4(c)(i) Period number = number of occupied electron
shells. Group number = number of outer
electrons. W is in period 2, group 7 and X is in period 3, group 2. X is a metal and W is
a non-metal. The bonding between them is ionic
bonding. W forms W- and X
forms X2+, so the
formula of the compound formed is XW2.
4(c)(ii) The compound will dissolve in water. This is
because it consists of positive and
negative ions whose charges result in ion-dipole attractions with water, a polar solvent. In reality, this compound, MgF2 is one of a small number of insoluble fluorides so the correct answer is
that it is insoluble in water, but a CSEC
student normally does not know how to explain why a compound is insoluble. I can only guess what would be done
in a case where this question was
answered correctly in terms of lattice and hydration enthalpies.
Question 5
5(a) Ammonia is a
colourless gas with a pungent odour.
5(b)(i)
5(b)(ii) 2NH4Cl(s) + Ca(OH)2(s) → 2NH3(g) + CaCl2(aq) + 2H2O(l)

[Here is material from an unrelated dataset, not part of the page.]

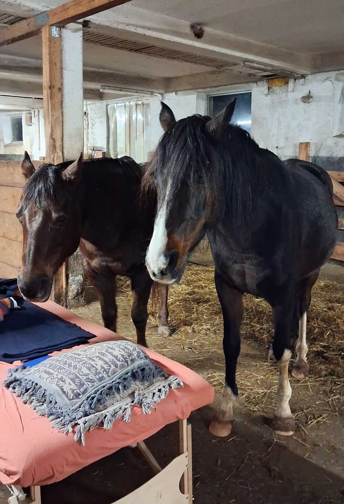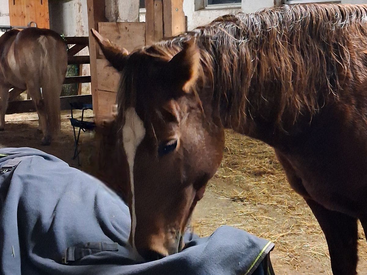 In meinem Fall war es die Präsenz einer Stute, die nicht von meiner rechten Körperseite wich. Sie stand geduldig und klar – zuerst bei meinen Füßen, später am Kopf. Und eben auf der Seite, die Schmerzen hat!

5(b)(iii) Ammonia gas is a weak base and will react, in
a neutralization reaction , with sulfuric
acid. Hence calcium oxide (CaO(s)) can be
used as the drying agent since CaO is basic
and will not react with/neutralize the ammonia gas.
5(c) Moist red litmus when placed in contact with
ammonia gas turns blue.
5(d) Three harmful effects of excessive nitrates in
the environment are:
1. Eutrophication of water bodies results from
high nitrate content.
2. Nitrates in drinking
water is poisonous to humans, especially babies.
3. Nitrosamines, which have been found in
foods are carcinogenic and are thought to orignate from
nitrates.
Question 6
6(a) 1. Water is a very
good solvent as it dissolves both ionic and covalent compounds. Since
chemical reactions occur much more readily when in solution, water is important
for metabolic processes such as digestion and respiration. The ability of water
to dissolve oxygen is necessary for the survival of aquatic life.
2. Water has a high specific heat capacity and
can absorb a large amount of heat without a large change in temperature. This
helps living organisms, which contain approximately 70% water, to maintain a
relatively constant body temperature.
6(b)(i) Ca2+(aq) + Na2CO3(aq) → CaCO3(s) + 2Na+(aq)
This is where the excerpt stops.